许是汪姗尔的祈祷起了作用,深秋时断断续续下了几场秋雨,导致今年的秋天比往年更冷些,寒冬也来的更早些。
青山上光秃秃的,不若往日葱葱郁郁;青溪里结了一层厚厚的冰,有调皮的孩子还在上面滑冰,冻得鼻涕泡都吹出来了也不肯回家;汪家院里的柳树只剩下枝条在风中摇曳着,哗哗作响。
窗户发出一阵阵“咯吱咯吱”的响声,吵的让人心烦。汪姗尔和姐姐被裹得厚厚的,施展不开拳脚功夫,让她闷闷不乐许久。
孟瑶坐在炕边,心不在焉的绣着手里的帕子,时不时张望着门口。
汪鹏缩着脖子,拉紧了衣服的领口急匆匆地推门而进。“哎呀,这天太冷了。”他不停的揉搓双手嘴里哈着气说到“还得多砍点柴火,囤起来过冬,今年的柴火不够啊。”
“等天稍微暖和点再去,院子里的柴火够用一段时间了。”孟瑶边穿着针边说。
“咿咿呀呀~”
“啊哇哇哇哇~”
“这两个小家伙!”汪鹏脱掉半旧不新的黑色短袄,坐在炕边,脸带笑意,捏捏汪姗尔的肉脸说。
“啪~”汪姗尔一把打掉了自家亲爹作怪的手,双手在空中胡乱飞舞着,双腿也不停的踹着。

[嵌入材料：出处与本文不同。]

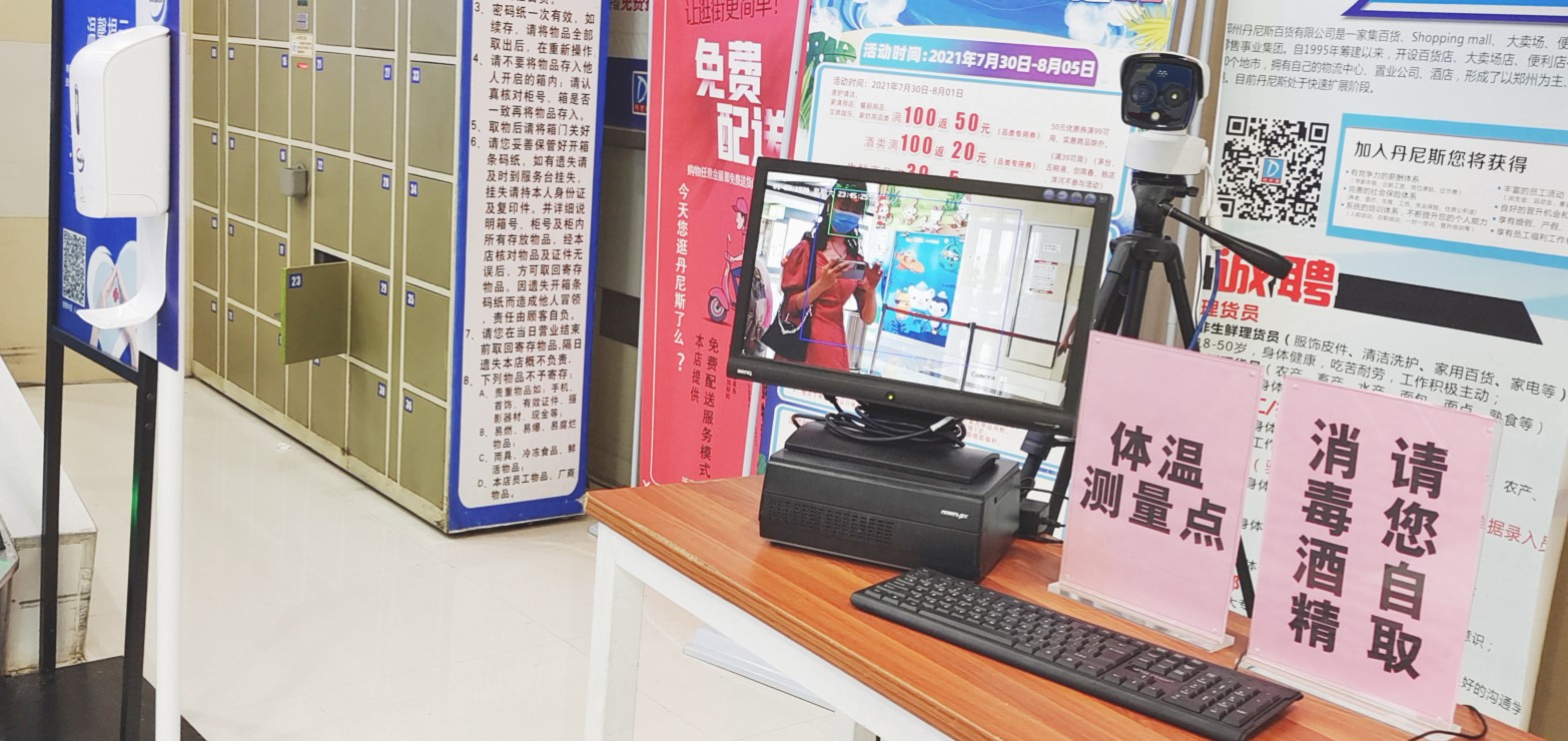 “因疫情防控,此门暂时封闭,请走1、2、3号主大门。”记者在现场看到,拥有10多处出口的商场今天只开了三个主门,门口张贴着疫情防控通知,放置有扫码牌,摆放着酒精、洗手液等消杀防疫物资,还设置有体温检测仪,所有市民进门后都主动掏出手机扫码向工作人员出示,一切井然有序。

“不许捏我的脸,给我捏大了怎么办!我不想要你的大饼脸,我要娘亲的瓜子脸。”她嘴巴还在一张一合的,发出“咯啰咯啰”声音,逗得汪鹏大笑起来。
“你啊你!”孟瑶抬起头来,看着父女两的互动笑的合不拢嘴。复又低下头,轻抚发鬓,接着绣起了未绣完的帕子。
“娘子不必如此劳累,在家多休息休息。”汪鹏看着妻子心疼的说到。“我们虽良田,但每隔几日山里的陷阱都有野物收获,加上镇上周老爷家每日都需要柴火供应,换取的银钱够我们四口人的嚼用了。”
孟瑶手里的针线不停的翻飞着,一片栩栩如生的竹叶就成形了,毫不在意的说:“我在家闲着也是闲着,舒儿姗儿又听话,绣几个帕子不碍事,你也不用太辛苦。”
时间一晃而过,年关已至,家家户户的院里飘着欢声笑语,透着吉祥和谐。村里的土道上小孩子成群结伴,嬉笑打闹着,还在攀比着谁家的肉多,谁的新衣服好看。
汪家。
汪舒尔汪姗尔也换了一身新行头,坐在炕中间,红色的小棉袄衬得两人愈发像年画上的小娃娃,灵动喜人,谁见了都说两人是天上的仙女下凡。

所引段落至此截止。